First colored girl in the office: 1950s workplace integration

Check out this oddity from the 1950s: A dramatically-acted government film about a company hiring its first black office employee.

The film, The New Girl in the Office, was made by the President's Committee on Government Contracts, an agency created by President Dwight Eisenhower in 1953 (JFK changed the title of the agency in 1961, leaving me to believe the film is from the 1950s).

The New Girl in the Office stars Gail Fisher as Mary the aforementioned girl who gets a secretarial job in a white-owned company because of new federal equal employment policies. Employees are hostile and Mary is get the picture. The film features Ed Asner, Lou Gossett, Clarice Taylor and other actors whose faces would, along with Gail's, become familiar in the decade to come.

The film is 30 minutes long and is almost laughably dead-serious--and a little patronizing--in its earnestness. "She's gotta be so likeable, that any white girl with a chip on her shoulder would think twice before she starts any trouble," one character says.

Which isn't to say there aren't some laughs here, although unintentional. The Urban League leader who tells  the very cute Mary at 11:32 that not taking chances causes one's pride to "shrink down to 10 inches" is clearly trying to send her a coded message of a different sort, ain't he? And I think the boss's secretary is passing--that's why she's accepting. The dark-haired male executive with the hot coffee fetish is also, I bet.

Some good old mid-century sexism is at play. The women are the cattiest about Mary; the guys seemed to take it in stride. One of the chicks threatens to quit, but instead of letting her go, the boss persuades her to stay to keep the other women from leaving. Pimp!

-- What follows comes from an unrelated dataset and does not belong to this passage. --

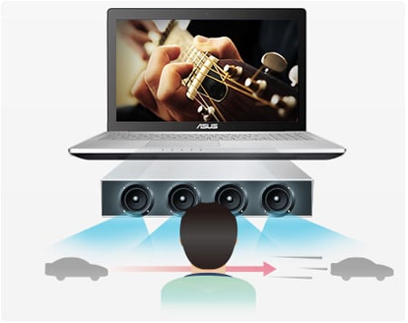 Dźwięk surround z wykorzystaniem czterech głośników Dopracowane przez zespół ASUS Golden Ear cztery potężne głośniki zapewniają realistyczny dźwięk. Odpowiednio kształtują brzmienie każdego dźwięku i oferują najlepszą reprodukcję. Technologia eliminacji przesłuchu i technologia Head-Related Transfer Function (HRTF) oczyszczają dźwięk, usuwają zakłócenia i zwiększają przyjemność podczas słuchania zarówno podczas korzystania z głośników, jak i przy użyciu słuchawek. Pozycjonowanie dźwięku zapewnia bogatszy i bardziej realistyczny dźwięk, zwłaszcza podczas oglądania filmów. |

Of course, the secretaries end up accepting Mary. Even the one that threatened to quit. I wish she would have made a sequel in about 1970 when Mary goes back to school, gets her degrees, and decides to move up the ladder a little more.

As an actress, Gail Fisher was a bit of a ground-breaker herself. An early 1960s spot she did for All laundry detergent made her the first black person to have speaking lines in a national television commercial. She's best known for being Joe Mannix's secretary--and clearly he was digging on her--in the 1968 to 1975 television show Mannix. She died in 2000 at 65.